Penyakit Asam Lambung dan Cara Mengobatinya

Penyakit asam lambung merupakan penyakit yang sering dikeluarkan banyak orang. Berikut penjelasan mengenai asam lambung dan beberapa pilihan obat yang bisa digunakan untuk mengobati penyakit tersebut.
Image title
27 Juli 2021, 19:22
Ilustrasi sakit asam lambung
pixabay.com
Ilustrasi sakit asam lambung

Penyakit asam lambung merupakan penyakit yang sering dikeluhkan banyak orang. Penyakit ini datang menghampiri siapa saja dan tak mengenal usia. Penyakit ini menyebabkan gangguan pada organ pencernaan sehingga membuat tidak nyaman.

Asam lambung ini bukan datang tanpa sebab, ada beberapa makanan yang terkadang bisa memicu penyakit yang satu ini. Gejala dari penyakit ini sebenarnya mudah di kenali, untuk mengobatinya juga ada beberapa cara. Untuk informasi lebih lengkap mengenai penyakit yang satu ini, Anda bisa membaca penjelasan di bawah ini sampai selesai.

Apa Itu Asam Lambung

Asam lambung adalah kondisi ketika cairan asam pada lambung naik ke esofagus atau kerongkongan. Keadaan ini yang membuat saluran pencernaan, yang menghubungkan mulut dengan lambung, iritasi. Peradangan inilah yang membuat menjadi tidak nyaman. Asam lambung yang naik biasanya menyebabkan nyeri di ulu hati atau pada area dada bagian bawah. Kondisi tersebut dikenal juga dengan nama GERD atau gastroesophageal reflux disease.

Interval dari gangguan ini disetiap orang beda-beda. Biasanya gaya hidup menjadi pemicu utama mengapa penyakit ini mudah datang. Maka dari itu biasanya mereka yang memiliki riwayat GERD pasti akan sangat berhati-hati dalam memilih makanan atau minuman yang dikonsumsi, sebab hal tersebut menjadi pemicu utama kenaikan asam di lambung.

Makanan Penyebab Asam Lambung Naik

Ada beberapa makanan yang ternyata bisa memicu asam lambung naik. Jadi, untuk anda yang memiliki riwayat gangguan ini, alangkah baiknya jika mulai saat ini berusaha untuk mengurangi makanan atau minuman berikut ini:

1. Gorengan

Makanan yang memiliki banyak lemak seperti gorengan bisa mamicu asam lambung menjadi cepat naik. Makanan berlemak inilah yang menyebabkan sfingter esofagus menjadi lemah, sehingga asam yang ada di lambung mudah naik ke kerongkongan.

2. Makanan berlemak

Makanan berlemak seperti jerohan, lemak daging sapi atau kambing, serta daging olahan seperti ham, smoked beef, burger, dan sejenisnya juga bisa menyebabkan asam lambung mudah naik.

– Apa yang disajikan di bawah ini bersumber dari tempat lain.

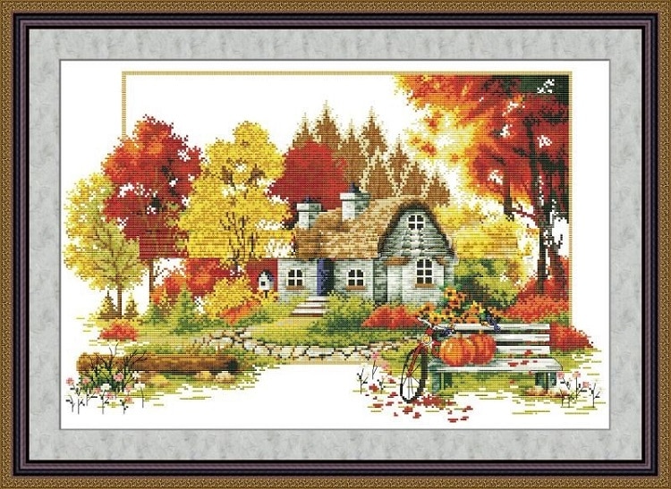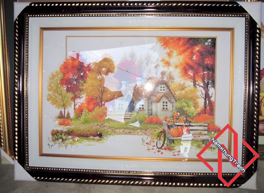 Hôm nay, mình quyết định tháo khung tranh ra để khoe với các bạn bức tranh thêu chữ thập mà mình vừa hoàn thành, mang tên “Rừng vàng mùa thu”. Đây thực sự là một tác phẩm ý nghĩa, không chỉ vì màu sắc rực rỡ mà còn vì mỗi điểm thêu đều chứa đựng tâm huyết của mình.
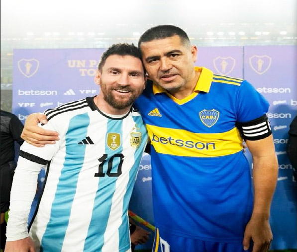 El astro argentino Lionel Messi fue ovacionado por la hinchada de Boca, que le ofreció un particular pedido de disculpas y también una solicitud especial para que se vistiera de azul y oro durante la despedida de Juan Román Riquelme, realizada anoche en una Bombonera repleta.
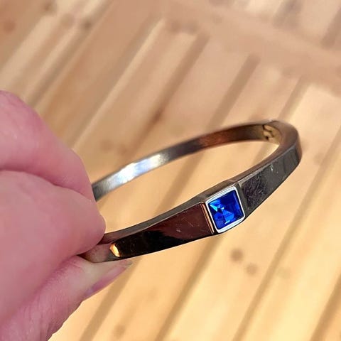 Sødt forsølvet armbånd med skiftesvis klare og blå sten samt et blåt hjerte som vedhæng. Armbåndet er 6 mm bredt og det kan lukkes fra 19 til 25 cm. Det er helt nyt
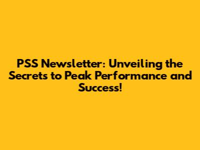 PSS Newsletter: Unveiling the Secrets to Peak Performance and Success!
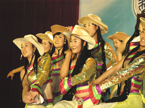 開場歌伴舞《今夜無眠》。 小品《Q版伯哥與臺(tái)妹》 藏族舞蹈《溜溜的康定,溜溜的情》。 組合唱《還剩下些什么》。 民樂小合奏《喜洋洋》。 由任課教師表演的時(shí)裝秀。 合唱團(tuán)表演的大合唱《回憶》、《同一首歌》。
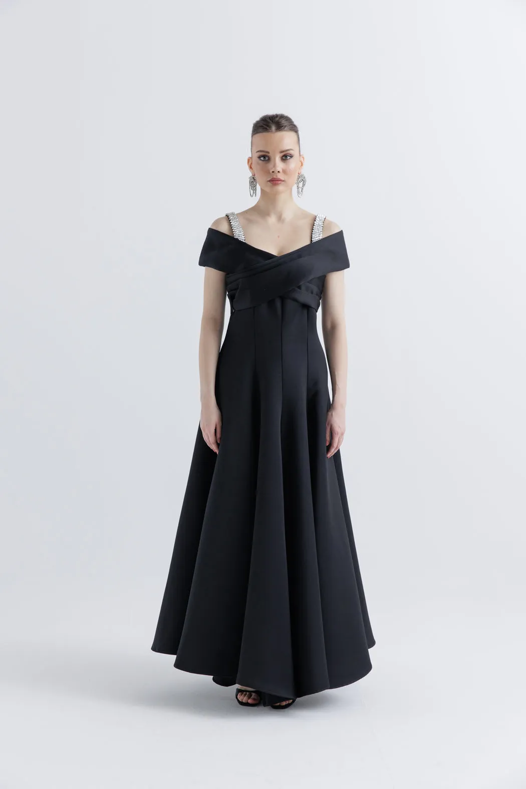 Step into the spotlight with this show-stopping off-shoulder gown, designed to captivate with its dramatic elegance and exquisite craftsmanship. A fusion of modern sophistication and timeless allure, this masterpiece is the epitome of high-fashion glamour.

Sama halnya dengan gorengan, makanan yang berlemak ini juga bisa membuat sfingter esofagus melemah dan berakibat naiknya asam dari perut ke kerongkongan.

3. Makanan dan minuman yang mengandung kafein

Kandungan kafein dalam makanan atau minuman biasanya menjadi pilihan terlebih saat kantuk datang. Kafein yang ada di minuman sehari-hari seperti kopi, teh, coklat, minuman bersoda, dan minuman berenergi ternyata bisa menyebabkan asam lain meningkat. Kandungan kafein menyebabkan hormon gastrin meningkat. Jika hormon ini tinggi maka otot esofagus bisa melemah dan menyebabkan asam lambung naik.

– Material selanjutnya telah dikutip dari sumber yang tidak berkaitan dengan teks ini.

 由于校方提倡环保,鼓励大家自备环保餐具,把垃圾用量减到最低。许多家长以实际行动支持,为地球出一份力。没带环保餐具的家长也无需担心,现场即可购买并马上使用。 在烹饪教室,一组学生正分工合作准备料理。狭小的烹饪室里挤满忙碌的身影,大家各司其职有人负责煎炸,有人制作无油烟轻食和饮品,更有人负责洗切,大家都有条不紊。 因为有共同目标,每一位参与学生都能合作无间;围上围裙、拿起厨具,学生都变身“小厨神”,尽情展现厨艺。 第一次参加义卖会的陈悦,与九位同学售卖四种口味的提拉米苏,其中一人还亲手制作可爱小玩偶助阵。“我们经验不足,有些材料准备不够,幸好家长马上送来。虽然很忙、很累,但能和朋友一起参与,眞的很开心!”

4. Makanan yang rasanya pedas

Makanan pedas memang menjadi daya tarik tersendiri. Beberapa makanan bercita rasa pedas sukses menggugah selera makan. Akan tetapi jika anda memiliki riwayat sakit maag sangat disarankan untuk menghindari makanan pedas.

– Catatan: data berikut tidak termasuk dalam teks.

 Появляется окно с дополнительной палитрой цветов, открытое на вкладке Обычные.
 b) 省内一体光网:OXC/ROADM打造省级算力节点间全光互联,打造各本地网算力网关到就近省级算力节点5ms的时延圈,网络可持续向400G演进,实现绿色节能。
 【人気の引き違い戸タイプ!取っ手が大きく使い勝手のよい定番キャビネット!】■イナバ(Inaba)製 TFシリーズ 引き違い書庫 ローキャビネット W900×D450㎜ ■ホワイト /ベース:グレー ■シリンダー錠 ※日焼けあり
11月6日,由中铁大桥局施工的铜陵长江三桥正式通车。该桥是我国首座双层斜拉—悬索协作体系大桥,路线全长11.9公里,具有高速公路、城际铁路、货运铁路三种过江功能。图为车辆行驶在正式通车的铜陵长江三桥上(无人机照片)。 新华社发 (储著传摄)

Kandungan capsaicin yang ada di cabai menyebabkan sistem pencernaan bekerja lebih lambat. Hal ini bisa menjadi pemicu penyakit maag. Selain itu, makanan pedas umumnya bisa bertahan di dalam perut dalam waktu yang lebih lama dibandingkan dengan makanan lainnya. Makanan yang terlalu lama ada di dalam perut bisa menyebabkan asam lambung menjadi naik.

5. Minuman berkarbonasi

Minuman berkarbonasi atau bersoda bisa membuat perut menjadi kembung dan membuat otot esofagus bagian bawah melemah. Hal ini yang menjadi pemicu asam lambung meningkat. Tak jarang minuman berkarbonasi juga memiliki kandungan kafein, sehingga risikonya lebih tinggi lagi.

6. Buah-buahan citrus

Buah citrus seperti jeruk, lemon, jeruk bali, dan sejenisnya ternyata menjadi pantangan lain untuk mereka yang sering mengalami maag. Meskipun buah-buahan tersebut mengandung vitamin c yang baik untuk tubuh, namun untuk penderita GERD harus lebih berhati-hati saat mengkonsumsi buah tersebut.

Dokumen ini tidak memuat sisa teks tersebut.